→ Required action: Using the records below, give again exactly the lines from the line that contains "[오노마] ONM 여자 그물망 니트 가디건 짧은 배꼽" through the line that contains "Kwitantie, grondbelasting, 1842", both ends included, and only those.

→ Data supplied:
------

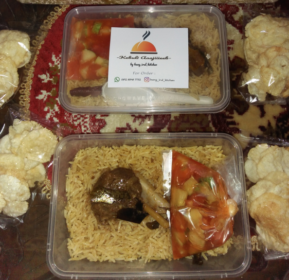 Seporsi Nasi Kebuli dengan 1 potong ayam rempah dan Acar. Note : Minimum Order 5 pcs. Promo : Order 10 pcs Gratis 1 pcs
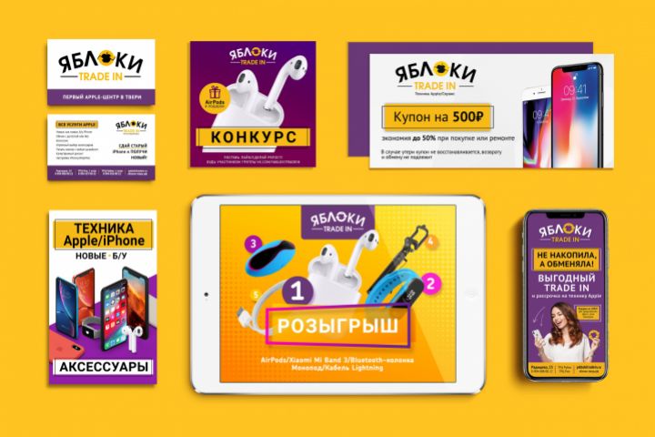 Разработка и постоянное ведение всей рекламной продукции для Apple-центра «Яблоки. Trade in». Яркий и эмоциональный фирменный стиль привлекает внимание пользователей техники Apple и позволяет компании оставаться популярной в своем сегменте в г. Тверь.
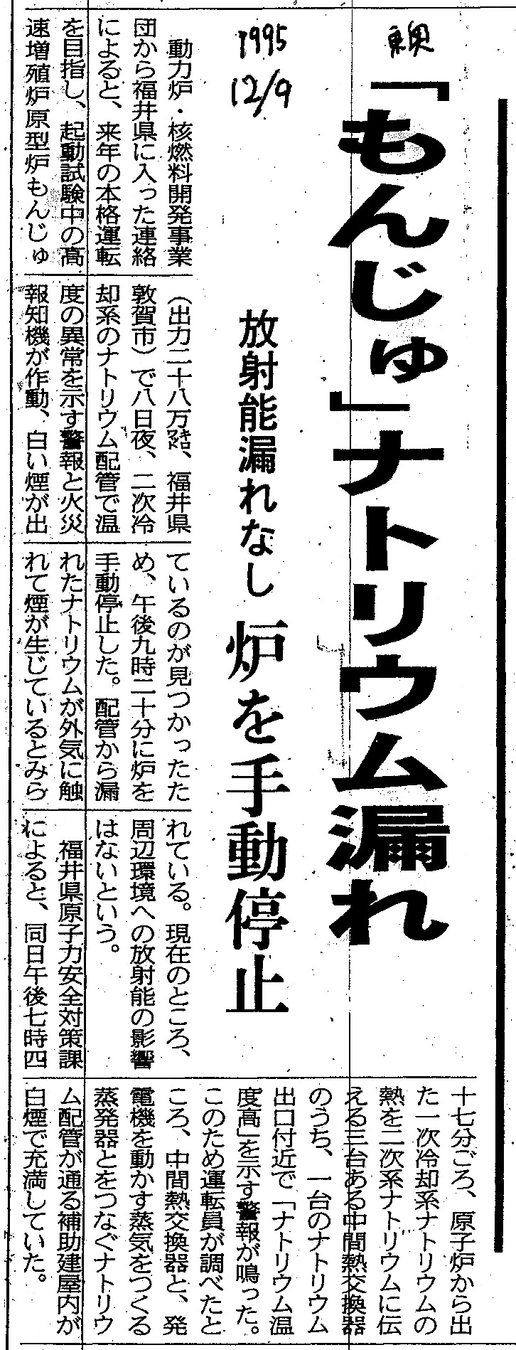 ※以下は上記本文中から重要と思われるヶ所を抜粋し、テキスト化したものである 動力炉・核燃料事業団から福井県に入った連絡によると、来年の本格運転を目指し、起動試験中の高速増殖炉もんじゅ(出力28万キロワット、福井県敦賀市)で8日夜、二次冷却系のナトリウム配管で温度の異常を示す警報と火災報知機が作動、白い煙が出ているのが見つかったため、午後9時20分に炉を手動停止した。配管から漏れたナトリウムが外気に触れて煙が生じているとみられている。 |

------

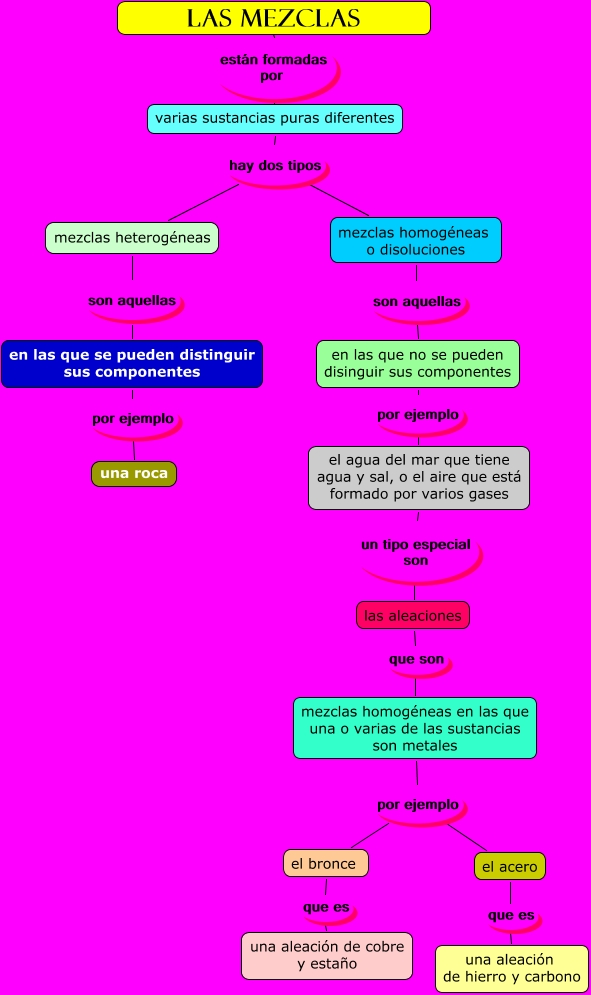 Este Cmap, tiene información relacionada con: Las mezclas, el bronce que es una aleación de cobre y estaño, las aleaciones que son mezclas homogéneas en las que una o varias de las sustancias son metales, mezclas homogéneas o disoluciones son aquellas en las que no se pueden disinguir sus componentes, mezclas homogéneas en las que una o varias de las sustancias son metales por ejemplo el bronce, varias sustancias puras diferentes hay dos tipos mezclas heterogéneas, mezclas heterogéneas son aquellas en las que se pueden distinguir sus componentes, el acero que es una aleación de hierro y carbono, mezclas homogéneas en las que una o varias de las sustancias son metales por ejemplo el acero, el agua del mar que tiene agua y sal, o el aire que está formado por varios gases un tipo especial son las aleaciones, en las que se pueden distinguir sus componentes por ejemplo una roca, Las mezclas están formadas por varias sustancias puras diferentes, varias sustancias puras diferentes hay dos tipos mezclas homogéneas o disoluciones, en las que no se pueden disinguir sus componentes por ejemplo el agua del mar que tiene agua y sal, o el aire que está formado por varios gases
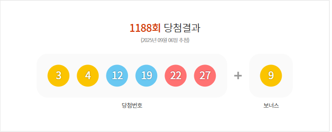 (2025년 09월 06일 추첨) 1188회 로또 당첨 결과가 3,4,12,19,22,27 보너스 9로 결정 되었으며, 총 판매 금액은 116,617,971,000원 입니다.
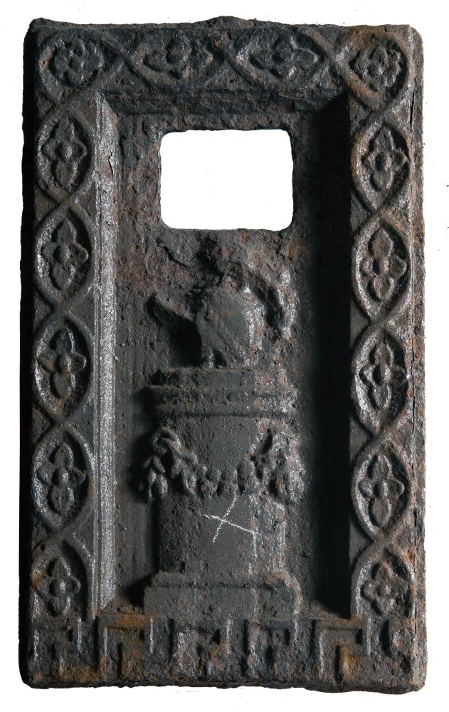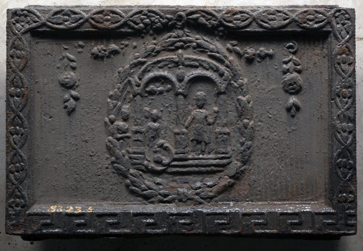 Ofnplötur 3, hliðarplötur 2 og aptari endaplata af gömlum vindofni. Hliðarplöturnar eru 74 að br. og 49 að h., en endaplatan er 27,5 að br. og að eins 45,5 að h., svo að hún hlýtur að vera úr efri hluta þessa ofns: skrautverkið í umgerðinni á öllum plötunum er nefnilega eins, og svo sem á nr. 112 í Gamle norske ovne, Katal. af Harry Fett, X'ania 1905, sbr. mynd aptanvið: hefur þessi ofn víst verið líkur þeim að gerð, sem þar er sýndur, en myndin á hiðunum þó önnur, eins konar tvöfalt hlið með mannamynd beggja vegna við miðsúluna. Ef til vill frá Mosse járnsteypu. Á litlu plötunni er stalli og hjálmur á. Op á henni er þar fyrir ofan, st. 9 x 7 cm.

------

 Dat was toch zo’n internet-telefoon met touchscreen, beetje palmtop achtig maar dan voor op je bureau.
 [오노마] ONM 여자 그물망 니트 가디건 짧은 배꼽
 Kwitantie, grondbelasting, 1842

------

→ Result of this exercise:
 [오노마] ONM 여자 그물망 니트 가디건 짧은 배꼽
 Kwitantie, grondbelasting, 1842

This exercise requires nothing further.